Thursday, March 7, 2013

Meteorologists do models


Have you ever heard these phrases when first telling someone that you’re a meteorologist?

"You have the only job in the world where you get paid to be wrong!"
"I consider myself to be an amateur meteorologist!"
 and my personal favorite...
"Oh neat, space fascinates me too!"

While meteorologists likely find these statements humorous, it turns out that behind all of these remarks is a common truth; a poor forecast has impacted everyone at least once. Growing up, I had the same viewpoint about meteorologists and weather forecasting.  This was largely due to the promise of school closures due to snow that never materialized.  Unfortunately, it usually takes only one wrong forecast for people to question their faith in weather forecasting.

So why is it so hard to give an accurate forecast?  The answer is really quite complex, so I’ll try to tackle one part of the broader scope of weather forecasting that I’m familiar with: numerical weather forecast modeling.

What is a numerical weather forecast model?

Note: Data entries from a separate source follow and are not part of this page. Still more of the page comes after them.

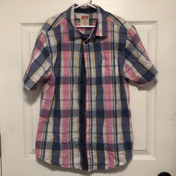 Pink and blue boys short sleeve button down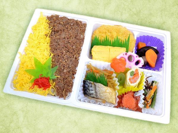 | お弁当の内容 | かしわ飯(紅生姜のせ)、ちらし寿司、高菜のせ飯、明太のせ飯、肉シューマイ、帆立フライ、ちぎり天、巻き玉子、オレンジ、チェリー、ポテトサラダ、唐揚げ、しいたけ、がんも、紅イモ、牛蒡、海老、肉団子、でんぷ |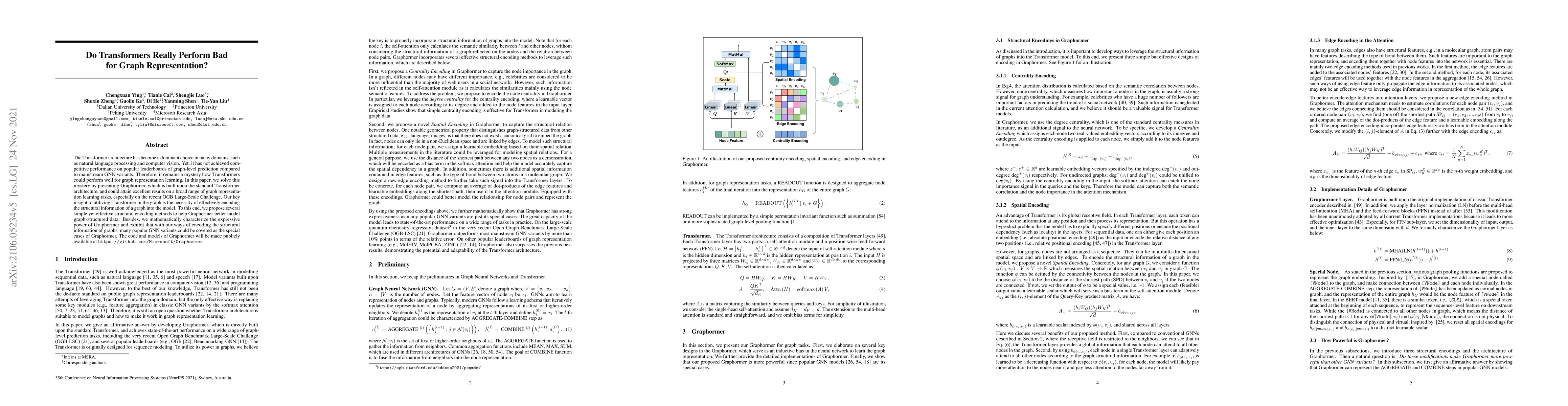 The Transformer architecture has become a dominant choice in many domains, such as natural language processing and computer vision. Yet, it has not achieved competitive performance on popular leaderboards of graph-level prediction compared to mainstream GNN variants. Therefore, it remains a mystery how Transformers could perform well for graph representation learning. In this paper, we solve this mystery by presenting Graphormer, which is built upon the standard Transformer architecture, and could attain excellent results on a broad range of graph representation learning tasks, especially on the recent OGB Large-Scale Challenge. Our key insight to utilizing Transformer in the graph is the necessity of effectively encoding the structural information of a graph into the model. To this end, we propose several simple yet effective structural encoding methods to help Graphormer better model graph-structured data. Besides, we mathematically characterize the expressive power of Graphormer and exhibit that with our ways of encoding the structural information of graphs, many popular GNN variants could be covered as the special cases of Graphormer.

Meteorology is essentially the study of the physics of the atmosphere.  Using basic scientific concepts such as Newton's Law of Motion and the Laws of Thermodynamics, the physics behind how the atmosphere works can be represented through a series of equations.  If you sprinkle in some fluid dynamics and mathematical methods such as time stepping, you can derive a set of equations that can tell you how the current state of the atmosphere will change into the future.

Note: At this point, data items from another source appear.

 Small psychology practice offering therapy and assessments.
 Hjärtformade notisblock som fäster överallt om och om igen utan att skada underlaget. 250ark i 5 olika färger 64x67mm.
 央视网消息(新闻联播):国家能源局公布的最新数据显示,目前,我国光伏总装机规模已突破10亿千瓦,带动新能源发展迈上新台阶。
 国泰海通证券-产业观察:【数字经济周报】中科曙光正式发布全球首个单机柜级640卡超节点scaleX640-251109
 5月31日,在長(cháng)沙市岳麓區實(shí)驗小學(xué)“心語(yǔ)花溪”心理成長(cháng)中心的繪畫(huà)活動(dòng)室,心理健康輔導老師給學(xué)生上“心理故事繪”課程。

Examples of equations used to represent atmospheric
physics (after many approximations)



So what is the problem you ask?  Good question!  Let's break down several factors of numerical weather forecast modeling that can lead to an inaccurate forecast.

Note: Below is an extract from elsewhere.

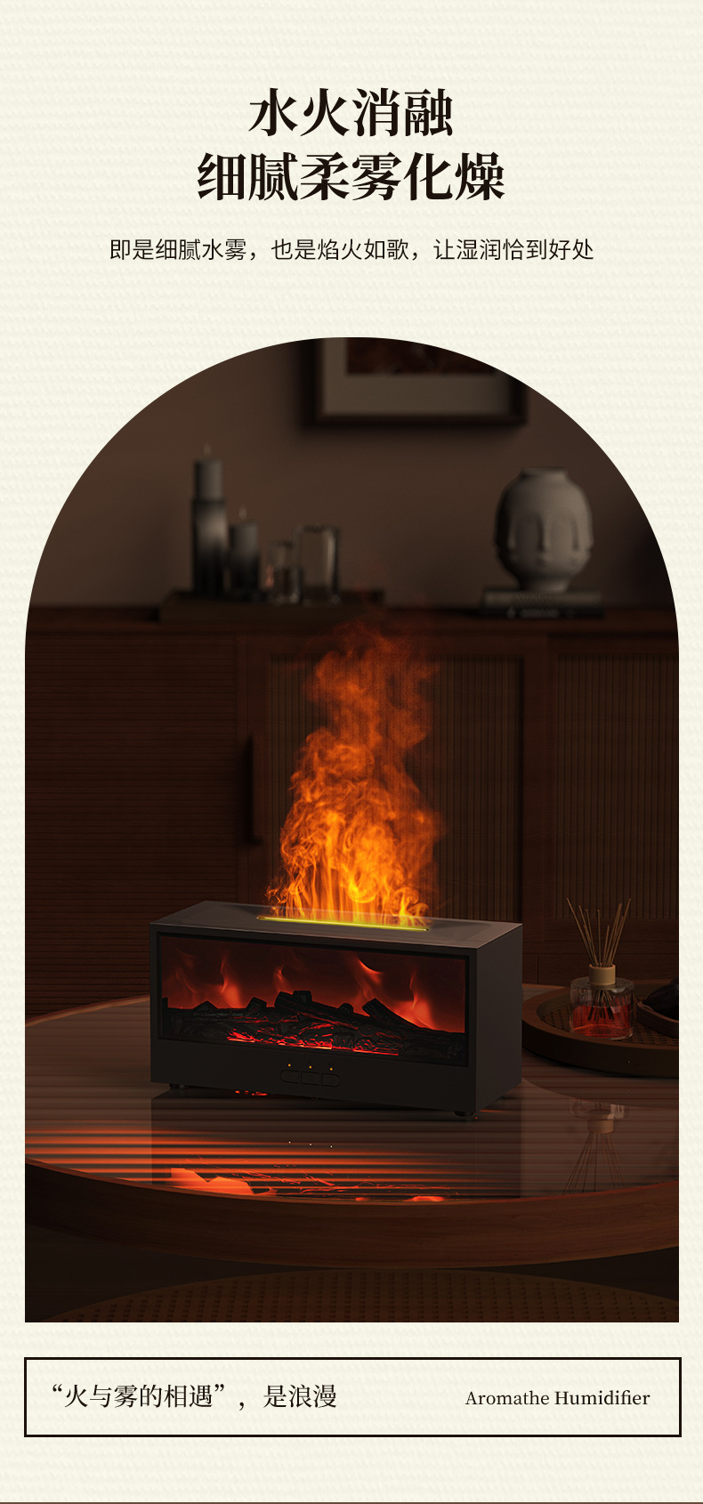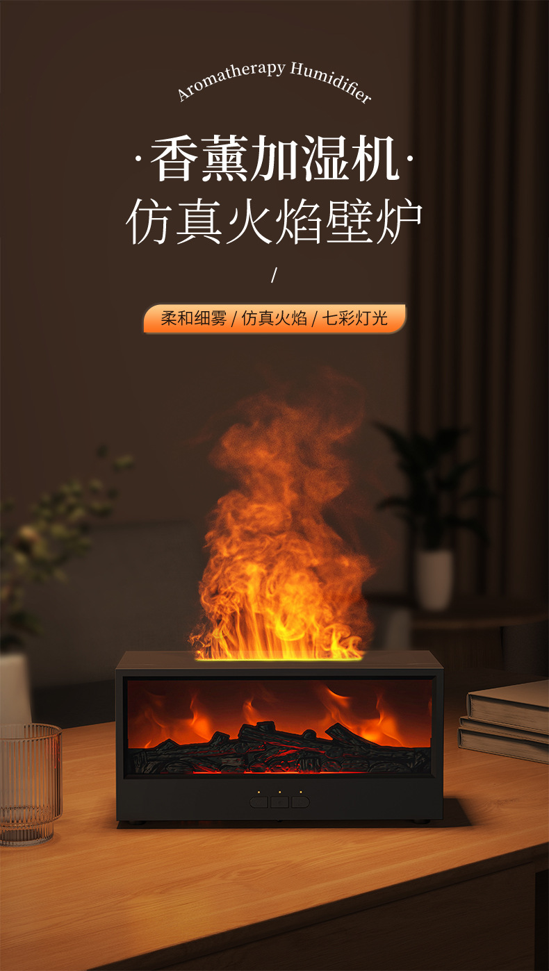 新款仿真壁炉火焰香薰机 北欧家用桌面壁炉氛围火焰壁炉香薰加湿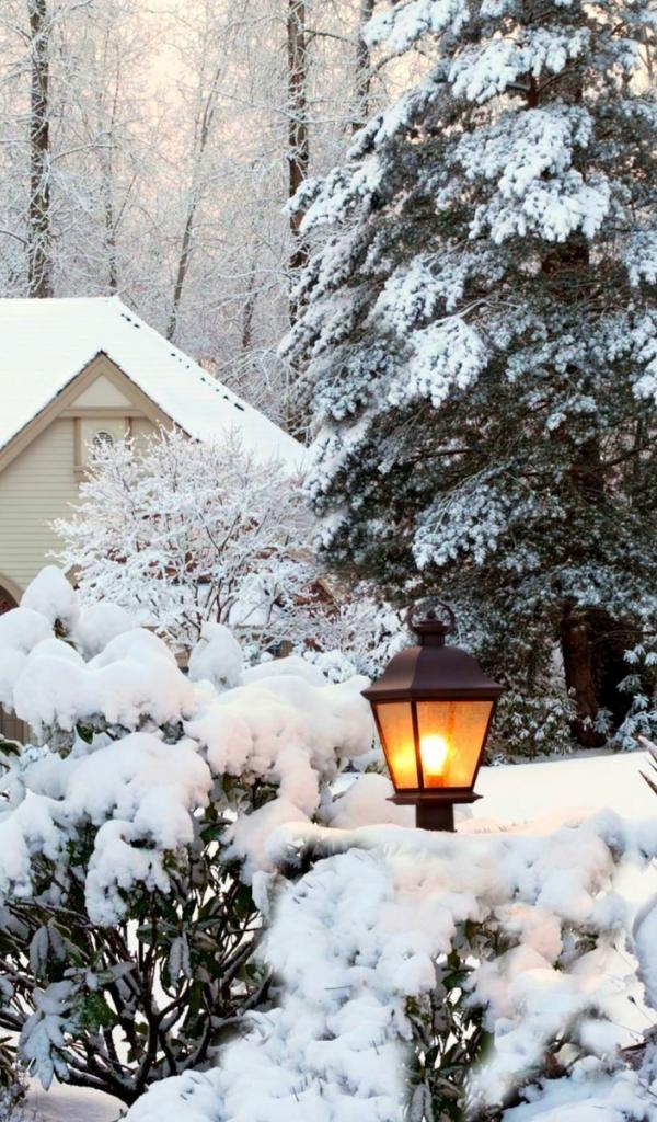 Wallpaper House among the snow-covered trees

I. Input data and assimilation
    Your weather forecast is only as good as the data you put into it and how you actually get this information into the model.  As with many things in life, the phrase "you are what you eat" is as true as ever in weather modeling.  One of the statements I made above is that our equations "can tell you how the current state of the atmosphere will change in the future."  The key word here is "current state”.  In order for our weather model equations to tell us anything useful about the future, we need to first have a good understanding of what the weather is doing right now.  To accomplish this, we need to gather as many atmospheric observations as possible.  In the U.S., we have one of the largest networks of observations available on the planet that can be used as input data to the forecast model.  This network includes (but is not limited to) measurements at the surface, from satellites, weather balloons , radar, aircraft, and even GPS measurements (used for moisture).  Many of these measurements are available globally as well.
     Using mathematical computer programs, this information is melded together into what is called an analysis.  Assuming the measurements all provide quality information (not always a safe assumption!), then what you have is an accurate representation of the current state of the atmosphere.  If you live in a densely populated area, you are probably surrounded by a decent amount of measurements.  If you don’t, chances are the current state of the weather near you is represented by only a few measurements.  This is especially problematic if you live anywhere near rough terrain.  You may live several hundred feet up the side of a mountain, and the “measurement” that represents you may be sitting down the slope on the flat surface.  In essence, modern weather modeling agencies do their best to generate as accurate an analysis as possible, but even these do not perfectly represent the state of the atmosphere.
     The method used to generate an analysis is called data assimilation.  I won’t go into detail on this topic, but should mention the techniques applied to data assimilation are often as (if not more) sophisticated that those employed in the weather model itself.


II. Resolution
     Once you have your equations and your data, not only do you need an analysis, but you need to determine your model grid.  The easiest way to think about a weather model grid is to imagine a box surrounding your state, centered on you.  You need to calculate each equation at as many points inside your box as you choose.  Do you calculate those equations every few feet, every few kilometers, or more?  The more points we choose the higher the model resolution.  This is similar to buying a television. The more pixels (points) the TV (model) has, the higher its resolution.  If you want to see every detail of every show, you want the highest resolution possible!  If you are only interested in a general viewing experience, then perhaps a lower resolution TV works for you. Take a look at the picture below.  As we increase the resolution, more and more features become visible.  In order to start seeing river valleys, we had to add a significant number of grid points.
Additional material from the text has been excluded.